To circumvent these issues, the researchers conducting this new study carried out a “household transmission study […] in naturally exposed individuals.”
Researchers followed 88 people who had been infected with the H1N1 influenza A virus, and 300 of their household contacts in Nicaraguan families that had been followed by researchers for a number of years. When a member of the household contracted symptomatic influenza, blood samples were taken to test the rest of the household for the infection.
Researchers measured the pre-existing HA stem antibody levels in the household contacts with an enzyme-linked immunosorbent assay (ELISA) blood tests, with extra blood tests being taken after a period of 30 to 45 days.
Tracking the spread of the flu
To track whether household contacts became infected with influenza, nasal and throat swabs were also collected at the beginning of the study and then every two weeks.
Out of the 300 household contacts, 28 percent became infected with the influenza virus, and 63 percent of these household contacts developed symptomatic influenza.

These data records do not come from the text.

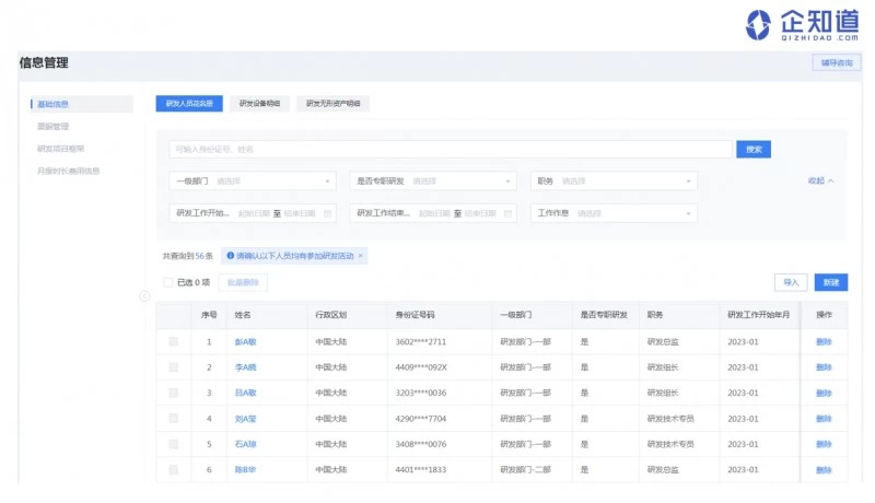 除了研发费用管理之外,企知道·科创空间还为企业提供从研发前到研发中、研发后的全流程管理,包括营销拓客、科创情报、研发管理、知识产权维护、政策申报等功能和服务。企知道平台汇集4700万产业政策数据,全国的60多家分子公司自有上千名专家,包括项目工程师、认证咨询师、财税咨询师、知识产权顾问等,可为全国中小企业提供咨询服务。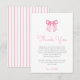 Expresa tu gratitud con nuestra tarjeta de agradecimiento de lazo de acuarela rosa, diseñada para celebrar la llegada de tu pequeño con elegancia y encanto moderno. Esta tarjeta bellamente elaborada presenta un delicado lazo de acuarela combinado con una tipografía sofisticada, que encarna una estética simple, elegante y clásica. Los toques femeninos y elementos coquetos la convierten en una opción perfecta para una elegante fiesta de shower nupcial. La tarjeta también muestra un bonito gingham rosa suave en la parte posterior.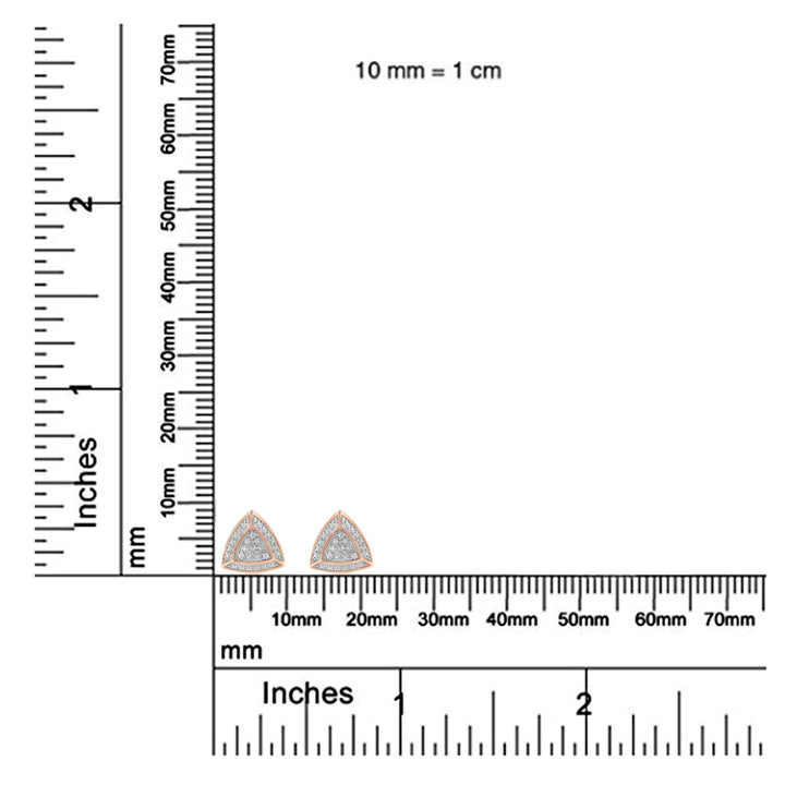 Crafted in 14K rose gold over rhodium-plated .925 sterling silver with 8 round-cut natural diamonds (H-I color, I2-I3 clarity). Trillion-shaped stud design with push back closures.

The aim was to investigate who became infected, and who became sick from the virus. Professor Gordon explained the methods in more detail.
“Once someone in the house has been diagnosed, we go into the household very rapidly and then we followed them for two weeks to see who gets the flu. That way, we can get a blood sample and measure antibody levels pre-exposure and then see if they get infected (and if) they get sick.”

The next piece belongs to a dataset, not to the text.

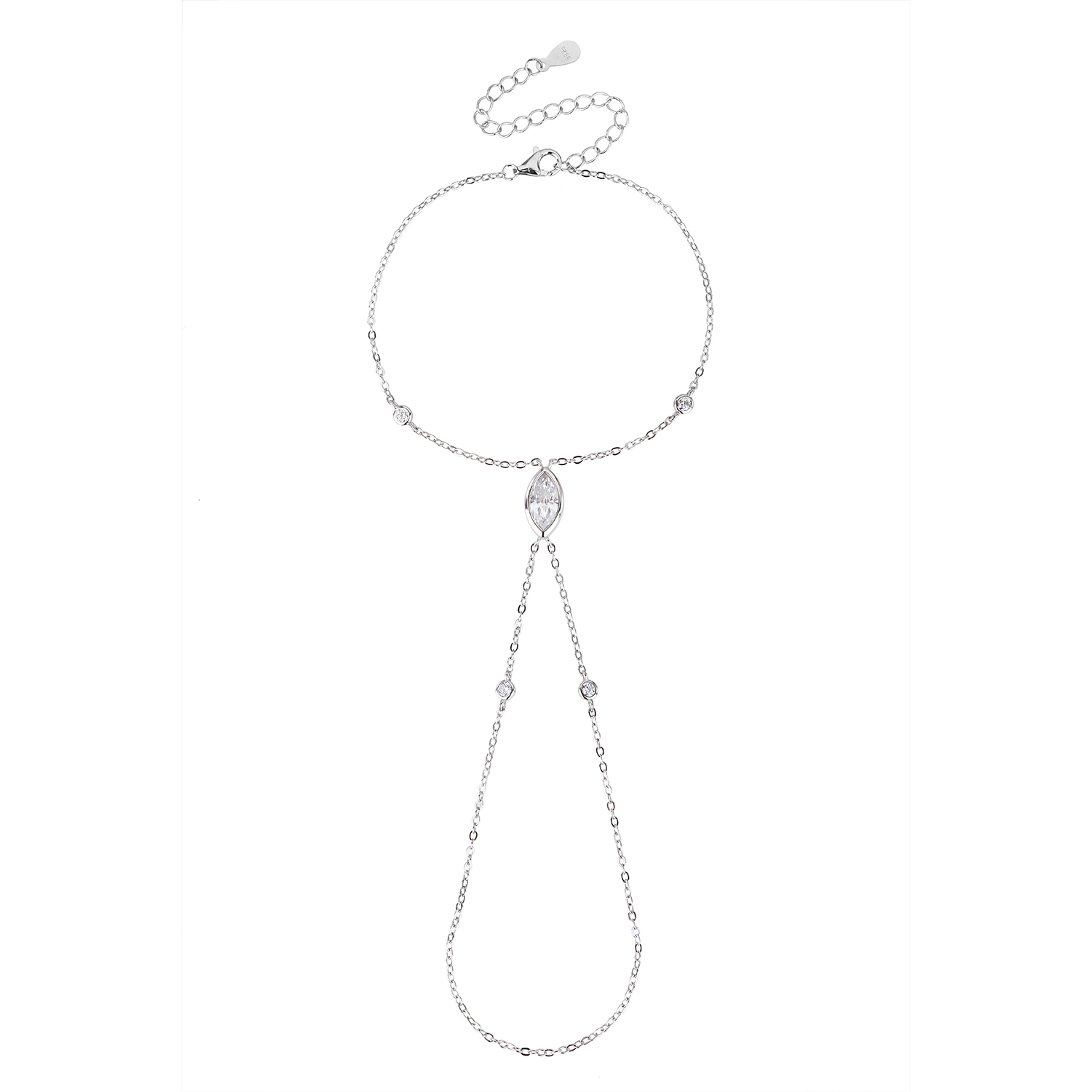 צמיד משולב טבעת עשוי כסף אמיתי 925 משובץ אבני זרקון
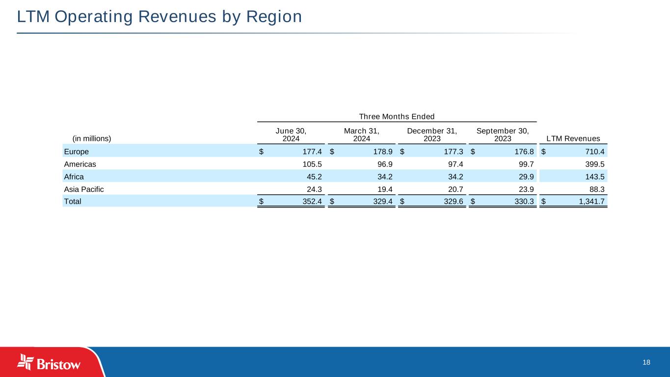 17 Operating Revenues and Flight Hours by Line of Service Three Months Ended June 30, 2024 March 31, 2024 December 31, 2023 September 30, 2023 LTM Operating revenues ($000s) Offshore energy services: Europe $ 99,741 $ 99,530 $ 99,066 $ 94,346 $ 392,683 Americas 97,752 88,515 89,200 91,099 366,566 Africa 40,998 32,653 31,695 27,545 132,891 Total offshore energy services 238,491 220,698 219,961 212,990 892,140 Government services 79,476 82,108 81,714 85,549 328,847 Fixed wing services 31,987 23,708 25,697 29,168 110,560 Other services 2,540 2,842 2,221 2,545 10,148 $ 352,494 $ 329,356 $ 329,593 $ 330,252 $ 1,341,695 Three Months Ended June 30, 2024 March 31, 2024 December 31, 2023 September 30, 2023 Flight hours by line of service Offshore energy services: Europe 9,826 9,488 10,412 10,783 Americas 11,028 10,048 10,105 9,767 Africa 4,594 3,683 3,938 3,572 Total offshore energy services 25,448 23,219 24,455 24,122 Government services 4,875 4,493 4,477 5,232 Fixed wing services 3,390 3,138 2,889 2,956 33,713 30,850 31,821 32,310

It was discovered that individuals with higher levels of HA stem antibodies were less likely to become infected by the virus. Generally, an antibody concentration of 1:40 indicates that 50 percent of people that have that level of antibody concentration will be protected from the influenza virus.
The study found that a fourfold increase in the amount of stem antibody levels showed a 42 percent reduction in influenza infection rates.

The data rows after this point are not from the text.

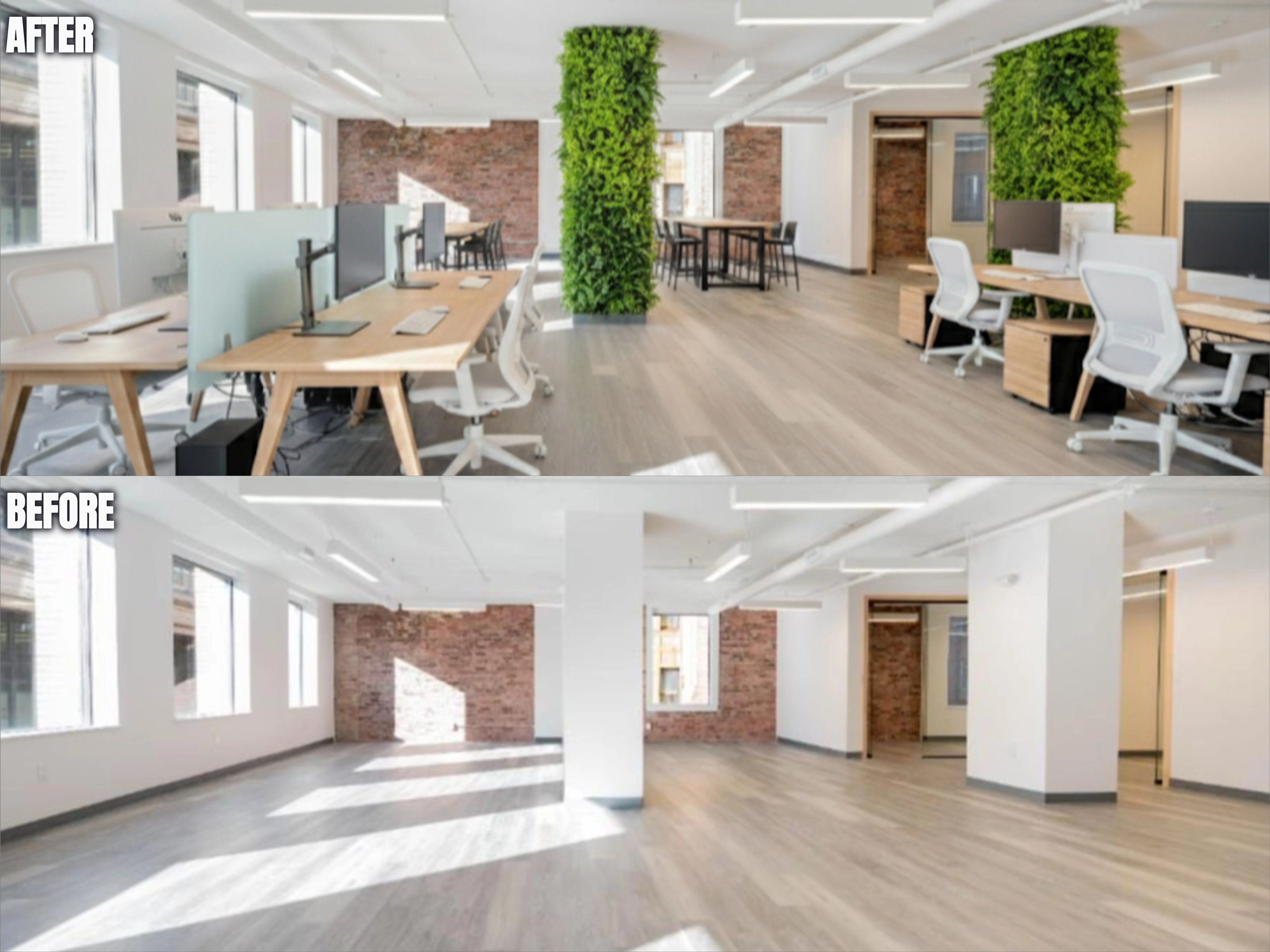 The Vision: This Commercial Virtual Staging project was designed to solve that exact problem. The vision was to create a vibrant, functional, and aspirational workplace that appeals to modern companies. We showcased an open-plan layout with ergonomic workstations, collaborative zones, and integrated biophilic design through prominent living walls to signal a commitment to employee wellness.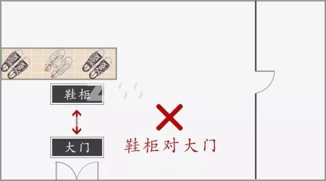 鞋尖對大門不僅給人不禮貌的感覺,同時風數學上說,鞋尖有煞氣,恐怕這煞氣沒有,但是出門穿鞋倒是挺不方便的。而鞋尖面朝墻壁卻能在快要遲到的早上能節省時間,鞋尖朝外的話還得彎腰將鞋子擺正再穿上,不符合人體動線規則。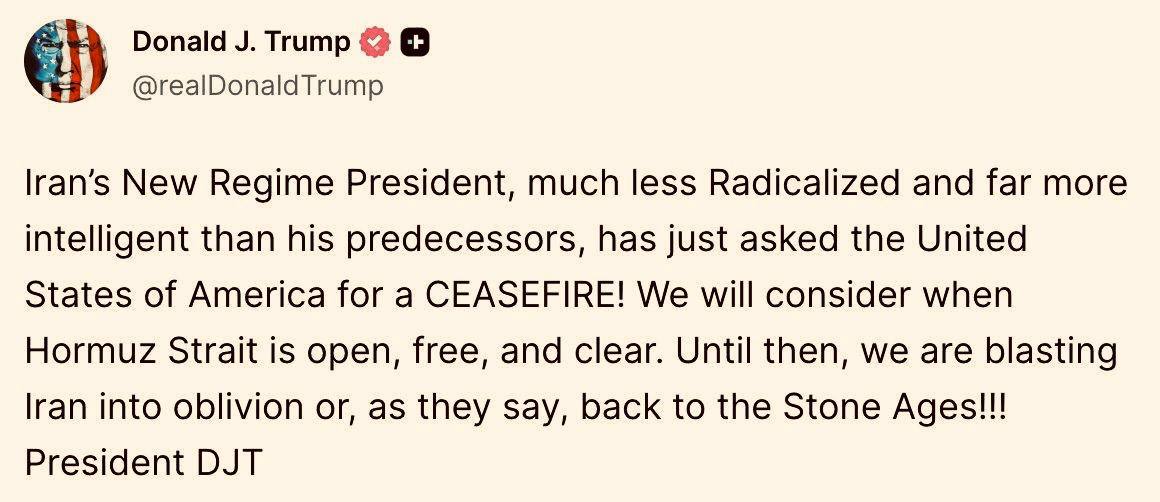"Іранський президент нового режиму, набагато менш радикалізований і набагато розумніший, ніж його попередники, щойно попросив США про припинення вогню!" — написав президент США.

Researchers concluded that the level of HA stem antibodies may be used as a method of protection from influenza.
Florian Krammer, a professor of microbiology at the Icahn School of Medicine at Mount Sinai where the data analysis for the study was carried out, was positive about the direction the study’s results were taking influenza vaccine research.
“While there are caveats and further studies needed, this is good news for the development of stalk-based universal influenza virus vaccines. It seems we are on the right track,” he said.
“An additional finding of this study is that ELISA based readouts can be used as independent correlate of protection. ELISAs are binding assays and do not indicate functionality, but are much easier and quicker than functional assays.”
We were able to show that stalk antibodies do correlate with protection. That is great news as it supports the idea that stalk antibodies may be able to provide protection against influenza and could enable scientists to design a broader, more effective influenza vaccine.”
Aubree Gordon, Senior Author
The study summarizes: “We found that hemagglutinin stalk antibodies are an independent correlate of protection from pandemic H1N1 infection and disease in a natural transmission setting. Further, antibodies measured by ELISA can be used as a powerful correlate of protection and to assess seroconversion, which will be important for novel universal influenza virus vaccine development.”
The researchers note that further studies will be needed to investigate the role of these antibodies in protecting against influenza A (H3N2) and influenza B.
NG, S., et al. (2019). Novel correlates of protection against pandemic H1N1 influenza A virus infection. Nature Medicine. doi.org/10.1038/s41591-019-0463-x.